Open aslotte opened 5 years ago
cc @pgovind - thoughts?
This may be possible to do by creating a generic version of a DataFrame
What generic would you imagine here?
public class Customer
{
public string FirstName;
public string LastName;
}
DataFrame<Customer> df = DataFrame<Customer>.ReadCsv(customerDataPath);
df.FirstName // this gets me the FirstName column?
Is something like that what you are envisioning?
@eerhardt - yep exactly, something along those lines. The DataFrame class can certainly be a copy-implementation of Pandas in .NET, but it would be really cool I think if we could make a bit more .NET friendly :)
Given that a large crowd that will be using ML.NET and DataFrame come from a .NET background, it would be so neat if we could leverage generic, LinQ and other C# syntax to work with the DataFrame. I certainly can't answer whether that is possible from a performance stand-point though. I would be more than happy to try to help out as time permits.
Interesting. There is a good chance that the DataFrame API could eventually converge to something like this. This is the second time this has come up. First time is here. The DataFrame type seems to be in a space that is an intersection of data scientists and engineers, so there's always been this constant question of how strongly typed the API should be. The reasons I haven't made the APIs very strongly typed yet are:
a) I was targeting a natural DataFrame + Jupyter experience in .NET and we didn't have IntelliSense working in Jupyter yet. I assume this will happen in the future. At that point, there'd be a stronger case for this IMO.
b) I wanted to be conservative with the API initially. For ex: The datasets I've seen for most ML tasks seem to have many columns. On a notebook, defining a schema such as Customer
but with say 15 columns didn't seem natural to me? My impression was that users might be turned off by all the code they'd have to type(especially without IntelliSense/code completion) just to read in a csv file. Without code completion, I figured that a weakly typed API was the way to go since it made code shorter and the intent clearer.
Having said all that, there are places where I realllllly wish I had more type information. The Merge
/Join
APIs or indexing(like you mention here) for ex. It'd also help with AppendRow
and, I'm sure, in other places. I'll keep this in mind as we go along. A generic DataFrame derived from a base DataFrame will fit in nicely for sure with .NET for Spark scenarios.

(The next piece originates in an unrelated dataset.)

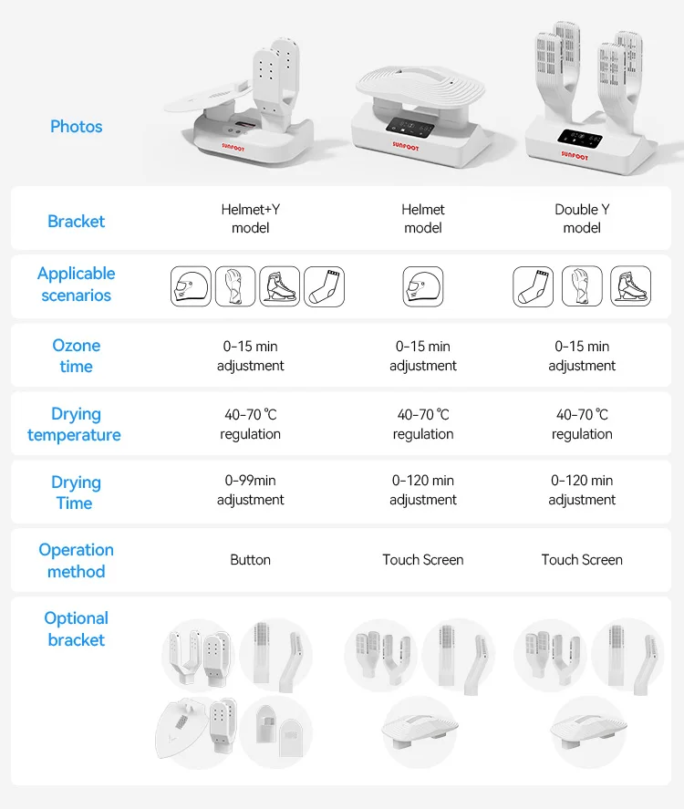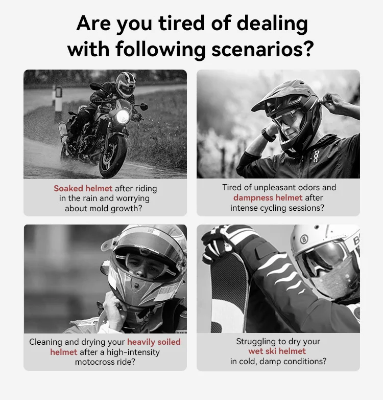 Your sneakers are still wet when you put them on. Not a great start and your motivation is gone...Our dryer has a powerful drying effect, with adjustable temperatures from 40℃ to 70℃. Accurate temperature control prevents overheating and deformation, extending the lifespan of the helmet.

Thoughts? Feedback? We definitely don't want the API to feel alien to .NET developers!
Thank you for your detailed and long answer @pgovind! That all makes a lot of sense, and I can certainly see why the DataFrame is built as it is today.
With that said, it would be awesome to have the option for both, and that may not be in the road map as yet, and that's okay :) I was thinking about it last night, and it may be possible to achieve it without asking the user to specify the entire schema (which I agree can be a bit ugly).

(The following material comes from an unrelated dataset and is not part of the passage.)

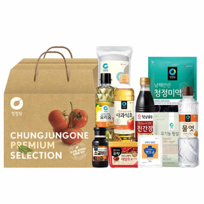 진간장골드 500ml * 1p, 요리유 500ml * 1p, 사과식초 500ml * 1p, 생강매실 맛술 410ml * 1p, 소갈비양념 280g * 1p, 민속당면 300g * 1p, 청정미역 25g * 1p, 유기농황설탕 454g * 1p, 찰고추장 500g * 1p, 맛소금 250g * 1p, 키친타올 * 1p, 물엿 700g * 1p, 끈 손잡이 케이스, 340mm * 195mm * 335mm

We should be able to infer the schema based on the first row (if such row exist), and in theory create a new type based on that, and the inferred data types using reflection: https://docs.microsoft.com/en-us/dotnet/api/system.reflection.emit.typebuilder.createtype?view=netframework-4.8 I haven't tried that myself, so not sure if it actually would work.
When it comes to being ".NET friendly", I think the biggest ask I would have would be to enable LinQ queries on the columns or rows, to filter, select and project data. Thank you for all your contributions to this framework!
We should be able to infer the schema based on the first row (if such row exist), and in theory create a new type based on that, and the inferred data types using reflection
@aslotte In the .NET notebook we wouldn't need to use reflection. We're already compiling code submissions, so we could, for example, introduce a magic command that generates and compiles this on demand, after which the generated type would be available for the duration of the notebook session. It might look something like this:
%%compile-dataframe --data c:\housing.csv --type MyData
MyData df = MyData.ReadCsv("c:\housing.csv");
IntColumn populationCol = df.population;
That's a great idea @jonsequitur
@jonsequitur : I missed this comment somehow. How would I go about implementing your suggestion? I'd like to prototype it. Maybe there'd be method to generate MyData
in the DataFrame
library and the magic command would call this method(from where though)?
@pgovind This would be a good fit for the extensibility story for dotnet-interactive
. Since we don't have it documented yet, a quick chat might be the best way to get you started.
FYI, you can try this out by installing the Microsoft.DotNet.Interactive.ExtensionLab
package in a .NET Interactive notebook:
@jonsequitur - any thoughts on contributing that directly to the Microsoft.Data.Analysis package? Then users don't need to install both?
https://github.com/dotnet/corefxlab/tree/master/src/Microsoft.Data.Analysis.Interactive
When using the DataFrame object, the current way to retrieve columns are by the df["ColumnName"]
It would be very neat to instead be able to get a property by executing df.ColumnName as a property. This may be possible to do by creating a generic version of a DataFrame, e.g.
var df = new DataFrame().ReadCsv(filePath)
I understand that the ReadCsv method currently is static, so not sure if this breaks a paradigm.